# Quirliges Tausendblatt



## Surfer Joe (26. Aug. 2010)

Hallo liebe Teichfreunde,

da ich nun endlich eine Unterwasserpflanze gefunden habe, die sogar in meinem Teich wächst, möchte ich jetzt nichts falsch machen und bräuchte mal Euren Rat.

Vor einigen Wochen habe ich 3 kräftige Exemplare "Quirliges __ Tausendblatt" (Myriophyllum verticillatum), so wie ich sie gekauft habe, also mit den kleinen Gitterkörben (10 x 10 cm) , im Teich versenkt.
Zuerst sind alle Blätter abgefallen und ich dachte schon "das war's dann mal wieder". Doch nach einigen Tagen entwickelten sich neue Triebe und an den alten kahlen Stängeln bildeten sich schöne Überwassertriebe. Inzwischen hat sich eine kräftiger Bestand, unter und über Wasser, gebildet. 

Nun meine Fragen an Euch: Treibt Myriophyllum im nächsten Jahr nur aus den Winterknospen oder auch aus den Wurzeln in den Körben wieder aus?
Falls die Planze wieder aus den Wurzeln treibt, würde ich die Bestände gerne teilen und in größere Körbe mit Lehm-Sand Gemisch pflanzen. Wann wäre der richtige Zeitpunkt?

Ich freue mich über jeden Tipp!

Schöne Grüsse
Bert


----------



## Teicher (30. Sep. 2010)

*AW: Quirliges  Tausendblatt*

Hallo Bert,
wenn du Tausendblatt vermehren willst, einfach von die "alten" pflanzen sticken abzupfen und im Teich unter 'ne stein klemmen.  So mach's ich seit Jahren.
msg, Jimmy


----------



## Surfer Joe (6. Okt. 2010)

*AW: Quirliges  Tausendblatt*

Hi Jimmy,

du meinst sicher die Triebspitzen, die aus dem Wasser ragen abkneifen und neu einpflanzen.
Oder geht das nur mit den Unterwassertrieben?

Schöne Grüsse
Bert


----------



## RKurzhals (6. Okt. 2010)

*AW: Quirliges  Tausendblatt*

Hallo Bert,
genau die Triebspitzen sind es... . Bei mir wächst Myriophyllum mittlerweile überall da, wo ein bisschen Lehm am Boden liegt. Und ich habe nichts gemacht... . Die gekauften Pflanzen habe ich einfach im Pflanztopf in Lehm eingedrückt. Mittlerweile (nach nur 4 Monaten!) ist die Pflanze im ganzen Teich heimisch...


----------



## Springmaus (7. Okt. 2010)

*AW: Quirliges  Tausendblatt*

Hallo,

kenne mich ja noch gar nicht mit Teichpflanzen aus !!

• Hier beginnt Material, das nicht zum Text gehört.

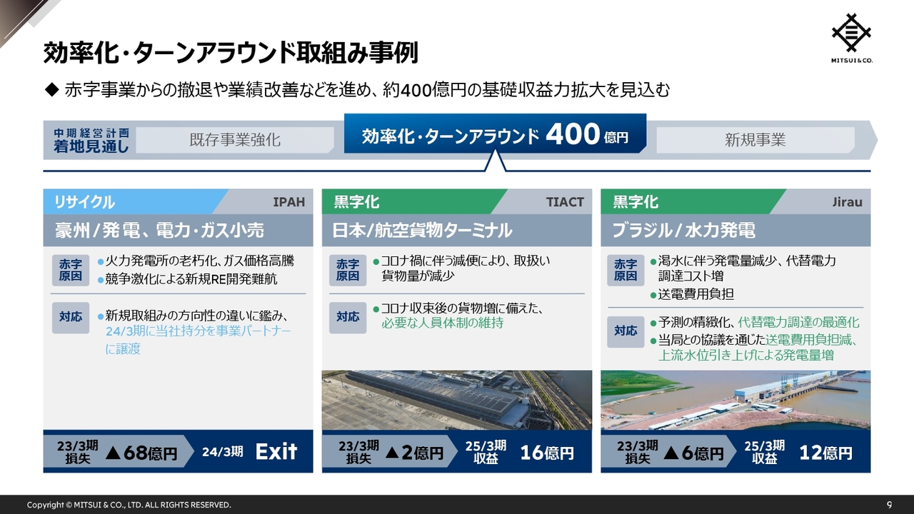 このような効率化・ターンアラウンドの成功事例を今後も着実に積み上げ、次期中経でも継続的に成果を上げていきたいと考えています。

Sollte ich die Pflanze abschneiden oder nicht ?


----------



## fbr (18. Okt. 2010)

*AW: Quirliges  Tausendblatt*

Hallo,
NEIN sehen doch toll aus so lange es nicht friert!


> von Werner:
> - alle weichblättrigen Pflanzen direkt im Wasser (da sie sich über den Winter zersetzen und das Wasse aufdüngen würden)
> - __ wuchernde Pflanzen die man im Zaum halten will
> - Pflanzen die sich stark über Samen verbreiten


----------



## RKurzhals (18. Okt. 2010)

*AW: Quirliges  Tausendblatt*

Hallo,
also zurückschneiden würde ich die UW-Pflanzen alle, da sie a) im Winter weniger Licht kriegen, und b) bei Lichtmangel auch tagsüber (nachts sowieso!!! :evil) Sauerstoff verbrauchen.
Wenn Du im Winter die Wasserzirkulation reduzierst, dann wird der CO2-Austrag ein Problem...
Anderenfalls die Wassertemperatur (sprich Heizkosten...)


----------